*** EXERCISE INPUT ***

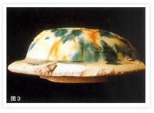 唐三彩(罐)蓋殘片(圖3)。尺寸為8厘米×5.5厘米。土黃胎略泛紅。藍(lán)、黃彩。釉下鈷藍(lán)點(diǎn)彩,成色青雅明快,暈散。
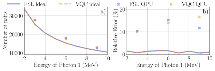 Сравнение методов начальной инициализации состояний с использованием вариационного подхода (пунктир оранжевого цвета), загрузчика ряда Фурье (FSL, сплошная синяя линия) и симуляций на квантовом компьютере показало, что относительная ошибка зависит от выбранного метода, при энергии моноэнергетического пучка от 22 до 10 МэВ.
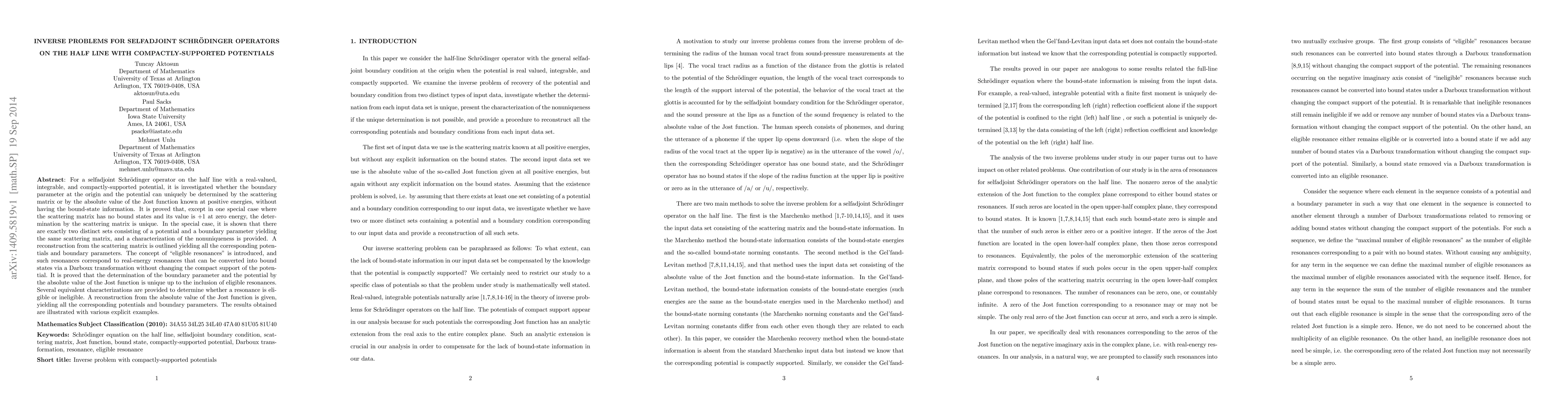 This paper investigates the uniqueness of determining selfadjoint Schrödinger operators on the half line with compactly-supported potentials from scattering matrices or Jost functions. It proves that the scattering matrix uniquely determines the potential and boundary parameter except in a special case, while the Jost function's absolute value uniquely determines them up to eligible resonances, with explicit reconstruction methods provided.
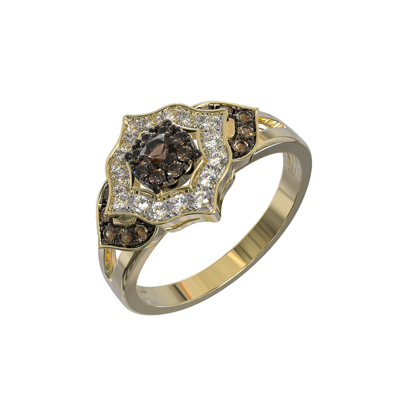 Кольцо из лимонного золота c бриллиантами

*** End of EXERCISE INPUT ***
*** EXERCISE INPUT ***

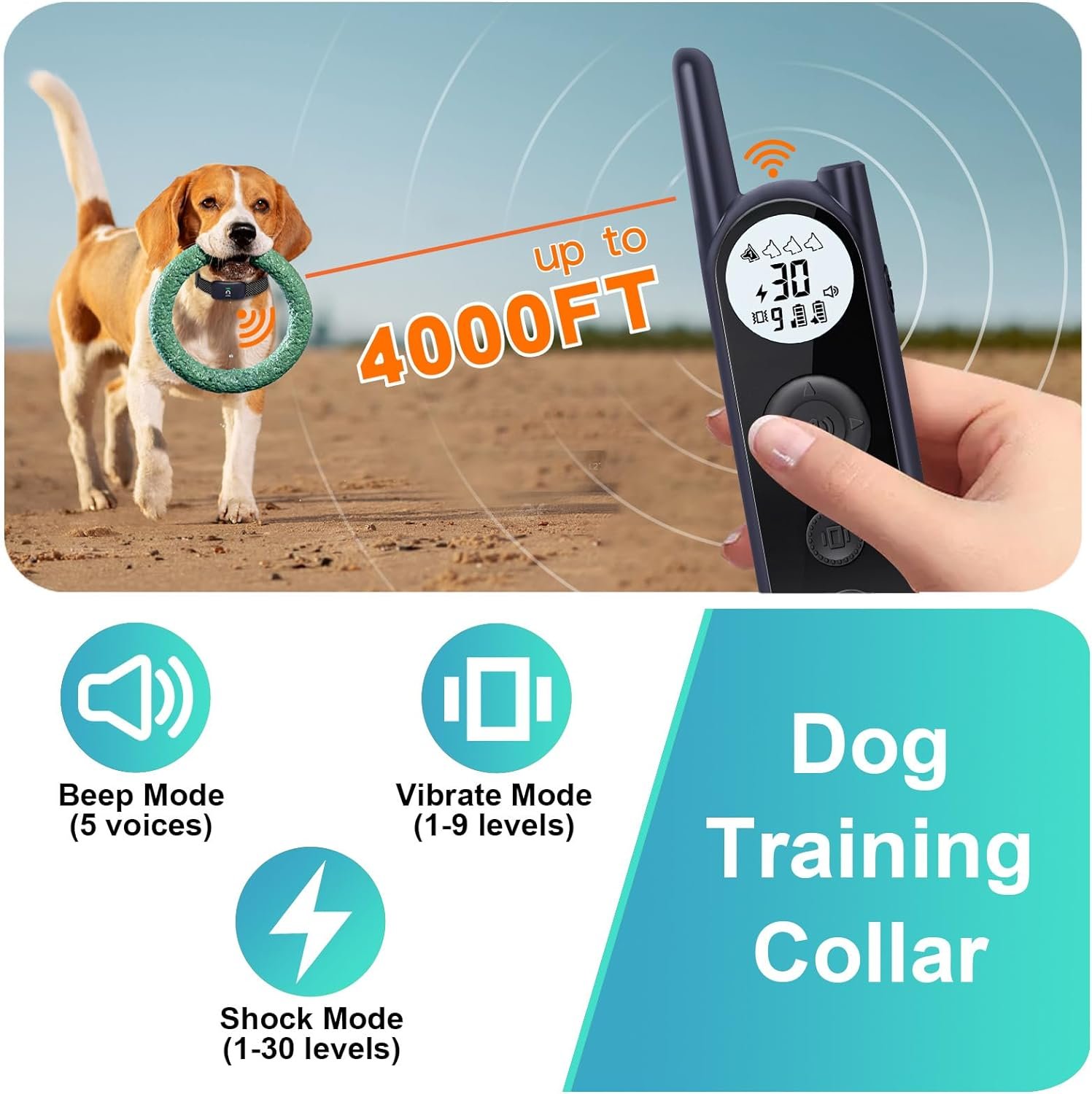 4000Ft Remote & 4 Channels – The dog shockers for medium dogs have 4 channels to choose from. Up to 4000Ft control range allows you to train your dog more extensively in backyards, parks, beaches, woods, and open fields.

*** End of EXERCISE INPUT ***
*** EXERCISE INPUT ***

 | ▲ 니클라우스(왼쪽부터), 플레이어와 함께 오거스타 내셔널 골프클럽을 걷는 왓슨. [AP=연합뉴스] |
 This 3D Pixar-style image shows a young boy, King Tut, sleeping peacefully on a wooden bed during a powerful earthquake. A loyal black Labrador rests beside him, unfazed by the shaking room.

*** End of EXERCISE INPUT ***

YOUR OBJECTIVE = Write out the lines above from the one with "Сравнение методов начальной" through the one with "Кольцо из лимонного золота c бриллиантами", ends included, exactly; no picture goes in.

RESULT OF THE EXERCISE =
 Сравнение методов начальной инициализации состояний с использованием вариационного подхода (пунктир оранжевого цвета), загрузчика ряда Фурье (FSL, сплошная синяя линия) и симуляций на квантовом компьютере показало, что относительная ошибка зависит от выбранного метода, при энергии моноэнергетического пучка от 22 до 10 МэВ.
 This paper investigates the uniqueness of determining selfadjoint Schrödinger operators on the half line with compactly-supported potentials from scattering matrices or Jost functions. It proves that the scattering matrix uniquely determines the potential and boundary parameter except in a special case, while the Jost function's absolute value uniquely determines them up to eligible resonances, with explicit reconstruction methods provided.
 Кольцо из лимонного золота c бриллиантами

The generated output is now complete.